SUPPLIED RECORDS:
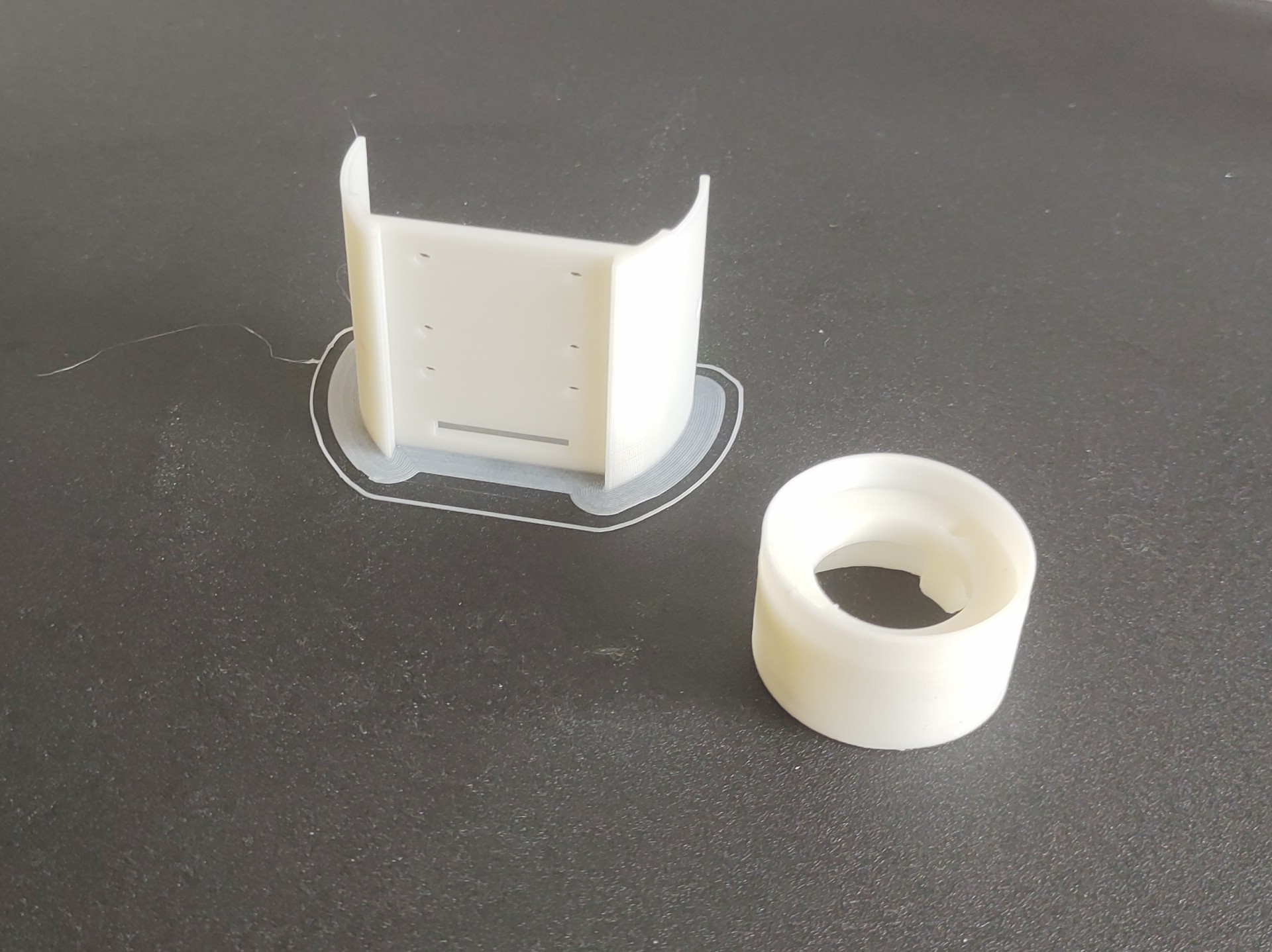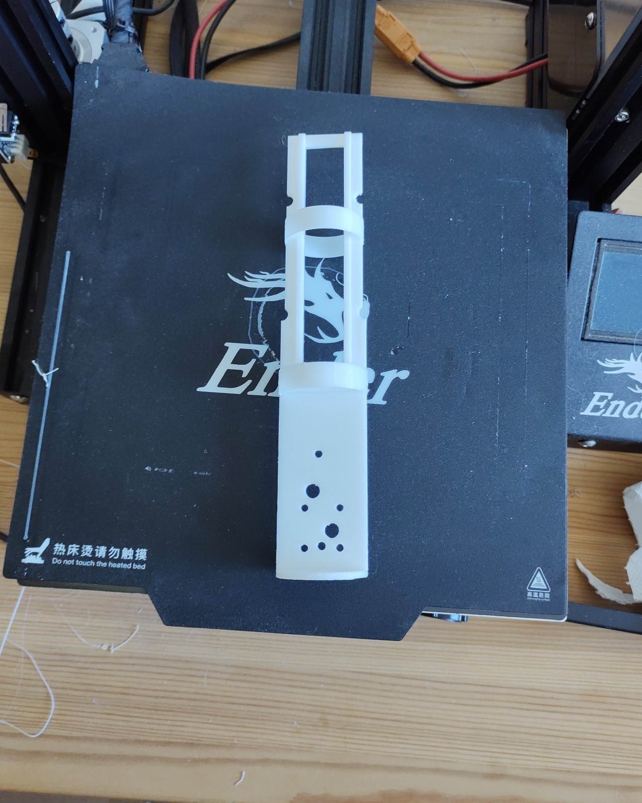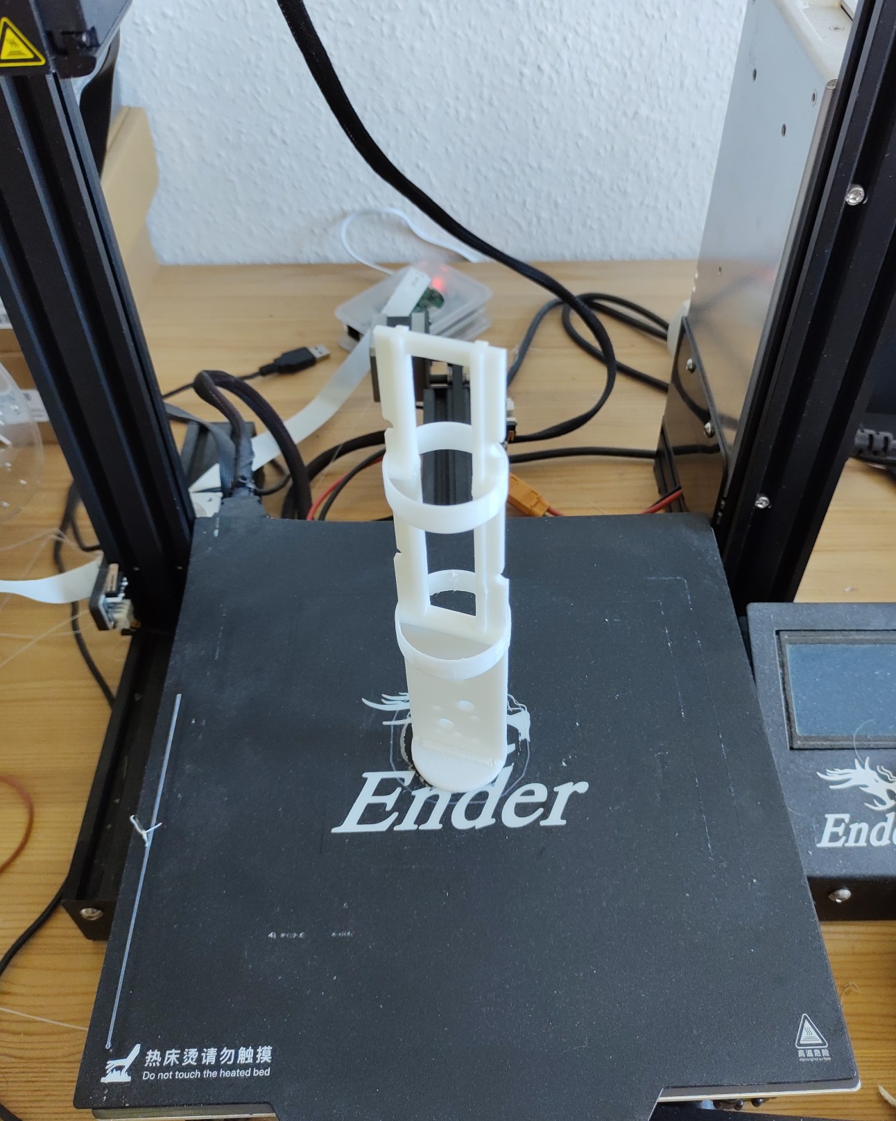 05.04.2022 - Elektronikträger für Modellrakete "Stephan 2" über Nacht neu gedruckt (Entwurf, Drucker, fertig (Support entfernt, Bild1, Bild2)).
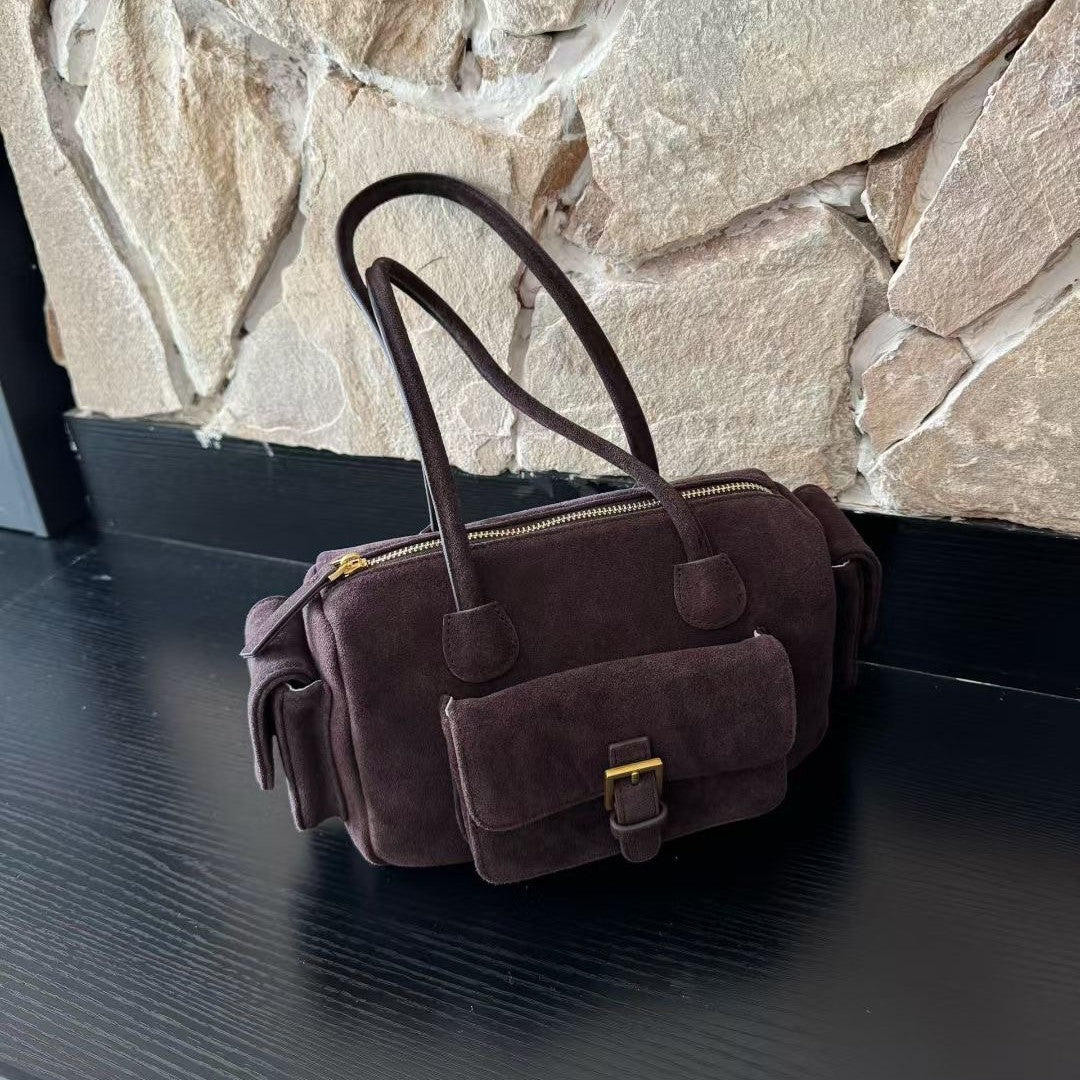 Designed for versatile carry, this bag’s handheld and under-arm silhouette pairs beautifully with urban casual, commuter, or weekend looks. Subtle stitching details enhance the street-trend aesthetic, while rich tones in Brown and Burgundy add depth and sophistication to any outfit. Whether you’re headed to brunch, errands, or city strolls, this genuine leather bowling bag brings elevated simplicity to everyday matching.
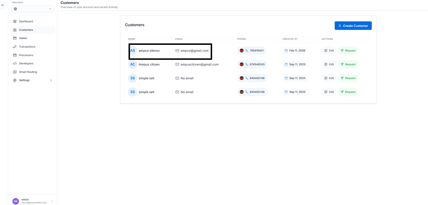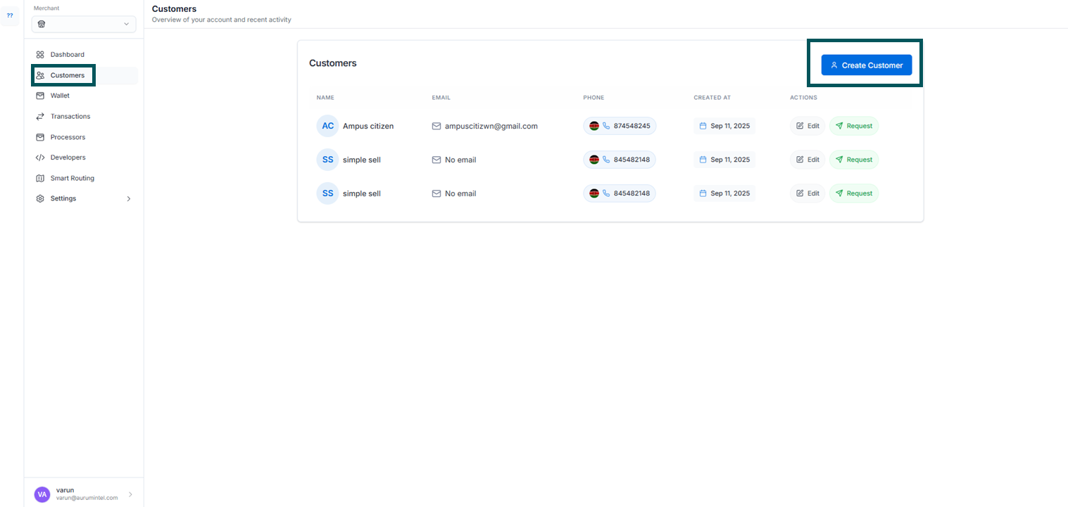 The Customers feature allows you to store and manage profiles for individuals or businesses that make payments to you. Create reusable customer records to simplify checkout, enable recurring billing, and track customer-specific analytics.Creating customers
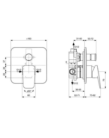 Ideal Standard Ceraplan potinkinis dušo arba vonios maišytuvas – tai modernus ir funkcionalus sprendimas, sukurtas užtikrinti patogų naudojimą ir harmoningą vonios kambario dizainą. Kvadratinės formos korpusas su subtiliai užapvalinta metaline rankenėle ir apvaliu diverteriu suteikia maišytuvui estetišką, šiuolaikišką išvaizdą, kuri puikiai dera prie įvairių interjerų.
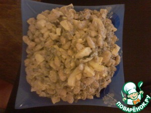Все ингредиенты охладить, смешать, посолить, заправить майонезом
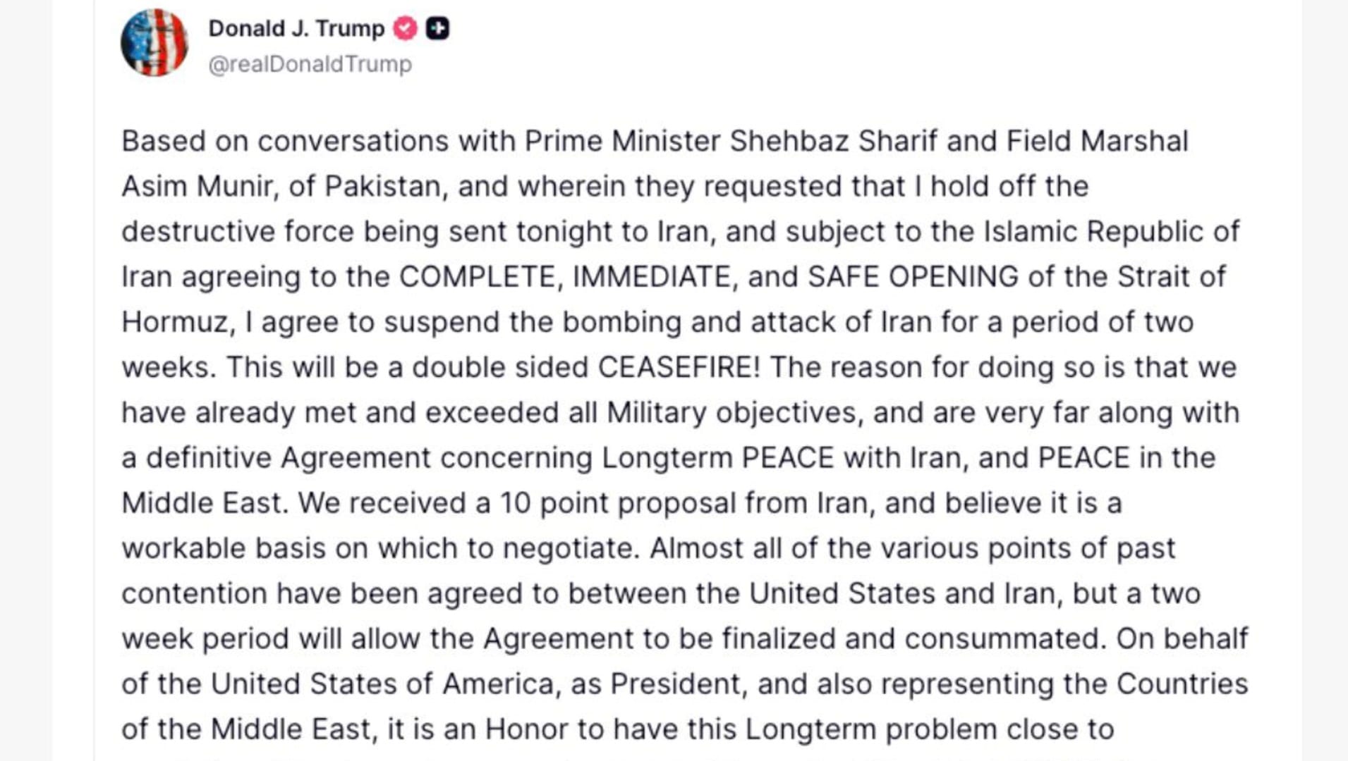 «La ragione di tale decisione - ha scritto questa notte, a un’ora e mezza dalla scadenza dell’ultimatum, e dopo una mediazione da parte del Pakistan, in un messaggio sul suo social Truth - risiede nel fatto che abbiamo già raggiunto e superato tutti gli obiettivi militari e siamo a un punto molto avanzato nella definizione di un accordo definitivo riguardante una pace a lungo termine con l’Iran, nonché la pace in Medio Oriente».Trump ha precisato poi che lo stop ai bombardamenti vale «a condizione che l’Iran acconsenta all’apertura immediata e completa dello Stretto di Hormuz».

WHAT THE EXERCISE ASKS: In the listing above, find the line with "Ideal Standard Ceraplan" and output every line through the one with "Все ингредиенты охладить, смешать, посолить, заправить", exactly, without the pictures.

WRITTEN RESPONSE:
 Ideal Standard Ceraplan potinkinis dušo arba vonios maišytuvas – tai modernus ir funkcionalus sprendimas, sukurtas užtikrinti patogų naudojimą ir harmoningą vonios kambario dizainą. Kvadratinės formos korpusas su subtiliai užapvalinta metaline rankenėle ir apvaliu diverteriu suteikia maišytuvui estetišką, šiuolaikišką išvaizdą, kuri puikiai dera prie įvairių interjerų.
Все ингредиенты охладить, смешать, посолить, заправить майонезом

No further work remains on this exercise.